Medikal ekibe destek olabilmek ve onlarla birlikte çalışmak, benim için çok kıymetli bir deneyimdi. Bunun yanı sıra, ofis ortamı dışında sahadaki süreci de merak ediyordum. Medikal müdürlerle birlikte gerçekleştirdiğimiz saha ziyaretleri sayesinde, teorik bilgilerin sahada nasıl uygulandığını gözlemleme fırsatı buldum. Hekimlerle yapılan bire bir görüşmelere tanıklık etmek ve bu iletişim sürecine dahil olmak, mesleğe bakış açımı genişletti. Eczacının sadece ilaç temini değil, sağlık iletişimi ve bilimsel danışmanlık boyutunda da ne kadar aktif rol alabileceğini yerinde deneyimlemiş oldum.
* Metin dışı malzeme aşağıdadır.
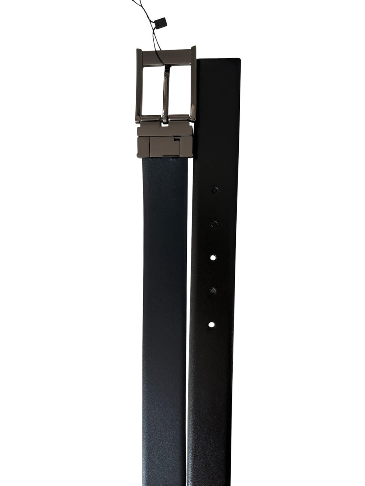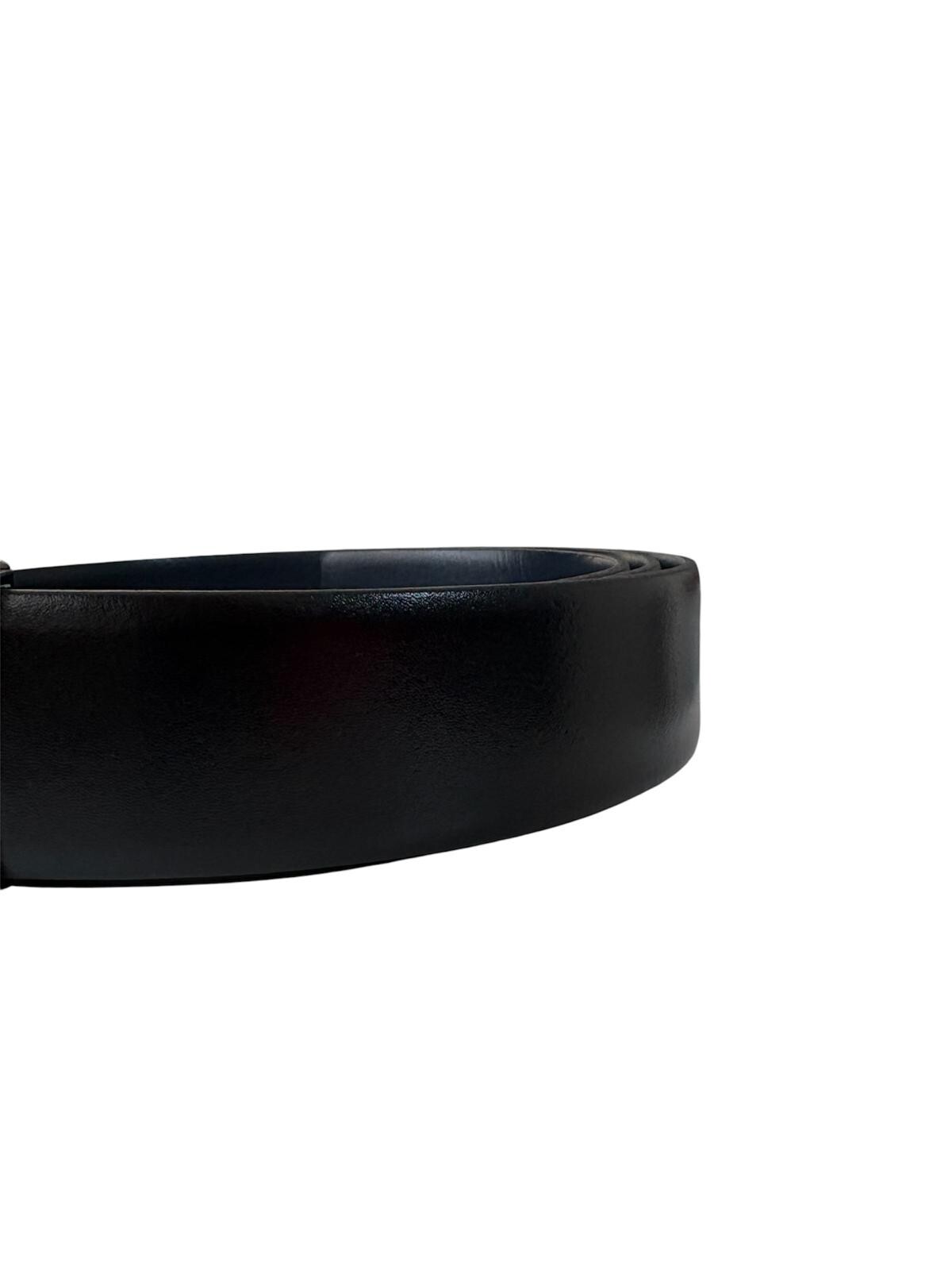 Cintura realizzata in pelle lavorata liscia, dotata di fibbia rettangolare con logo in rilievo tono su tono.

Aynı zamanda, ilaca erken erişim programı kapsamında, onkoloji hastaları için TİTCK’dan bağış onayı alınmasına yönelik süreçleri takip ettim ve hekimlerle düzenli iletişim kurarak onkoloji hastalarının ilaç durumlarının takibine destek oldum. Bu deneyim, hasta odaklı bir yaklaşım geliştirmenin yanı sıra sağlık otoriteleriyle yürütülen süreçlerde dikkatli ve sistematik çalışmanın önemini kavramamı sağladı. Aynı zamanda iletişim becerilerimi ve sorumluluk bilincimi güçlendirdi.
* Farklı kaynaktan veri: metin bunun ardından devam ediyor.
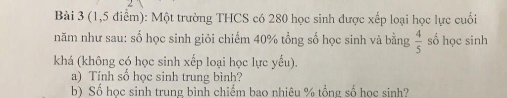 `b)` Số học sinh trung bình chiếm số phần trăm tổng số học sinh là `:`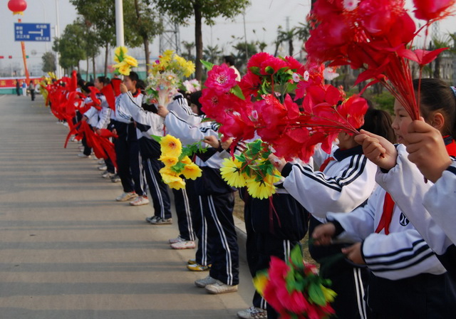 少先队员们夹道欢迎远道而来的客人们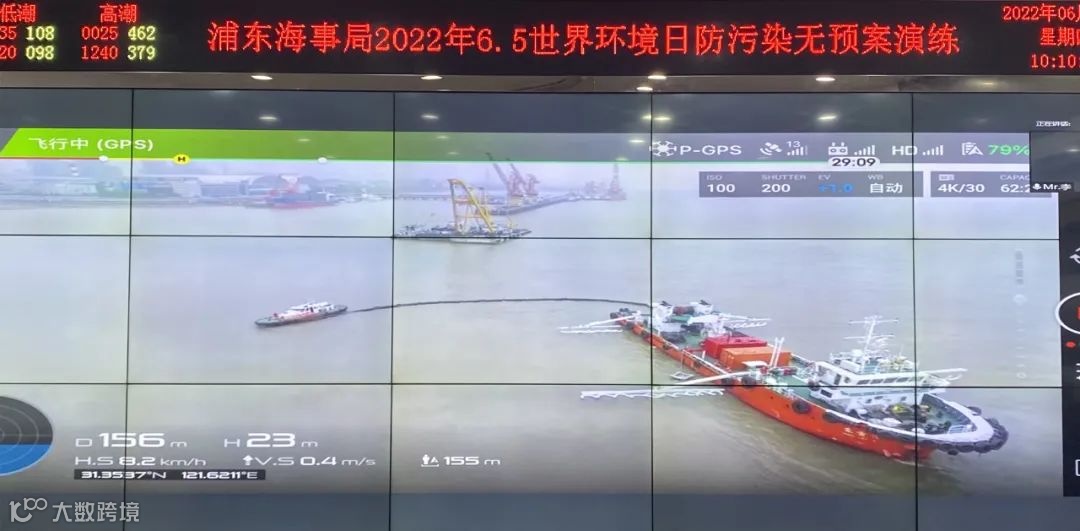 在2022年“6.5世界环境日”到来之际,浦东海事局在亿升海运(海运仓储)码头成功举办外高桥水域防污染无预案演练。

Stajım süresince, Bayer’in intrauterin cihazına yönelik hasta destek programının iş akış süreçlerini anlatan dijital bir video hazırladım. Bu içerik, benden sonra görevi üstlenecek stajyerler ya da sorumlular için pratik bir rehber niteliğinde oldu. Ayrıca programın takibi sırasında kendi gözlemlediğim bazı aksaklıklar üzerine çalışarak, işleyişin daha verimli hale gelebileceği yönünde öneriler geliştirdim. Bu iyileştirme önerilerimi medikal direktörüm ve kadın sağlığı ekibiyle paylaştım; olumlu geri dönüşler almak beni hem motive etti hem de katkımın gerçekten değer gördüğünü hissettirdi.

Medikal ekibin yanı sıra, bireylerin ve ekiplerin gelişimine katkı sağlayan adil ve etkili bir değerlendirme aracı oluşturma sürecine yönelik bir çalışma grubu içinde yer almak benim için son derece değerliydi. Haftalık toplantılara katılarak bu ekibin bir parçası olmak, bir stajyer olarak şirketteki ekip içi dinamikleri, iletişim kültürünü ve iş birliğinin gücünü yakından gözlemlememi sağladı. Fikirlerimi özgürce paylaşabildiğim ve gerçekten dinlendiğimi hissettiğim bu ortam, bana kurumsal hayatta aidiyet duygusunu yaşatan en önemli deneyimlerden biri oldu.

Tabii burada asıl kıymetli olan, size alan tanınması. Bu noktada, sevgili direktörüm Sabahat Hanım başta olmak üzere Bayer’deki tüm çalışma arkadaşlarımın katkısı ve desteği benim için gerçekten çok kıymetliydi. Kendimi ifade edebileceğim, fikirlerimin değer gördüğü ve gelişimime katkı sağlayan bir ortamda bulunmak, staj deneyimimi unutulmaz kıldı.

Kendi deneyimimden yola çıkarak söyleyebilirim ki; bir stajyer olsanız bile, bir şeyleri talep etmekten çekinmemek gerekiyor. İnisiyatif almak, fikir sunmak ve sorumluluk istemek sizi görünür kılıyor ve gelişiminizin önünü açıyor. Öğrencilik hayatımın sonlarına yaklaşırken, bu yolculuğun bana kazandırdığı deneyimler, profesyonel yaşamımda yeni fırsatlar yaratmak ve endüstri alanında değerli katkılar sağlamak için beni daha da motive ediyor.